Setahun kemudian ( 1216 saka/ 1294 Masehi ) Raden Wijaya mengadakan perubahan
perhitungan Mongso dijadikan Bulan. 1 Bulan rata-rata = 30 hari.
Nama bulan disebut juga SASIH sebagai berikut :
Nama MONGSO :
KASEPULUH, DHESTO, SODHO, KASA, KARO KATELU, KAPAT, KALIMA, KANEM,
KAPITU, KAWOLU, KASONGO diganti menjadi :
Nama SASIH :
SRAWANA, ASUJI, KARTIKA, PUSA, MANGGASRI, SITRA, MANGGALA, NAYA,
PALGUNA, WISAKA dan JJITA.
Perhitungan Tahun Saka ( Versi Majapahit ) ini hingga sekarang masih dipakai oleh bangsa kita
di Bali, yang sekarang mencapai Tahun 1917 Saka ( 1995 masehi).
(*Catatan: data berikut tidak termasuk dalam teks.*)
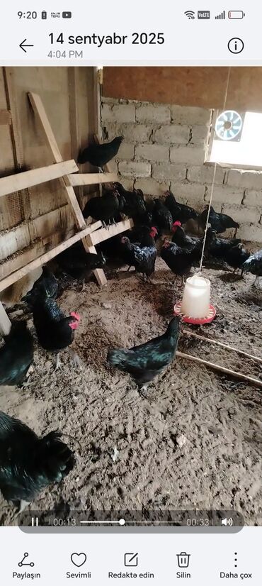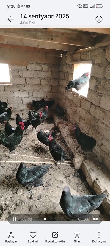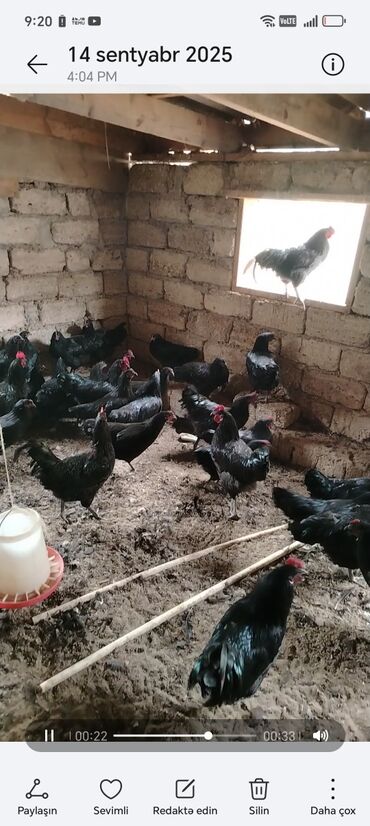 - Şəkillərdə qapalı tövlədə saxlanılan, qara lələkləri və qırmızı daraqları olan sağlam toyuq‑xoruz sürüsü görünür.

Selisihnya tetap 78 Tahun
( 1995-1917 = 78 Tahun )

PEROMBAKAN PERHITUNGAN TAHUN SAKA MENJADI TAHUN JAWA


Hadirin yang kami hormati,
Pada tahun 1555 Saka (1633 masehi) Raja Mataram Sultan Agung Hanyokrokusumo yang telah
memeluk agama islam, namun juga tetap masih merangkap ngilmu kejawen (kebatinan) ingin
mempersatukan rakratnya (bangsa Nusantara) dengan jalan memadukan Tahun Saka (Tahun Nasional
Nusantara) dengan Tahun HIJRIAH (Tahun Arab/Islam), karena sebagian bangsa kita telah memeluk
agama islam.
Perombakan perhitungan Tahun saka menjadi Tahun Jawa tersebut dilakukan pada tagnggal 17 Mongso
KASA (sasih KARTIKA) tahun 1555 SAKA atau 1 Muharam 1043 Hijriah (8 Juli 1633 Masehi).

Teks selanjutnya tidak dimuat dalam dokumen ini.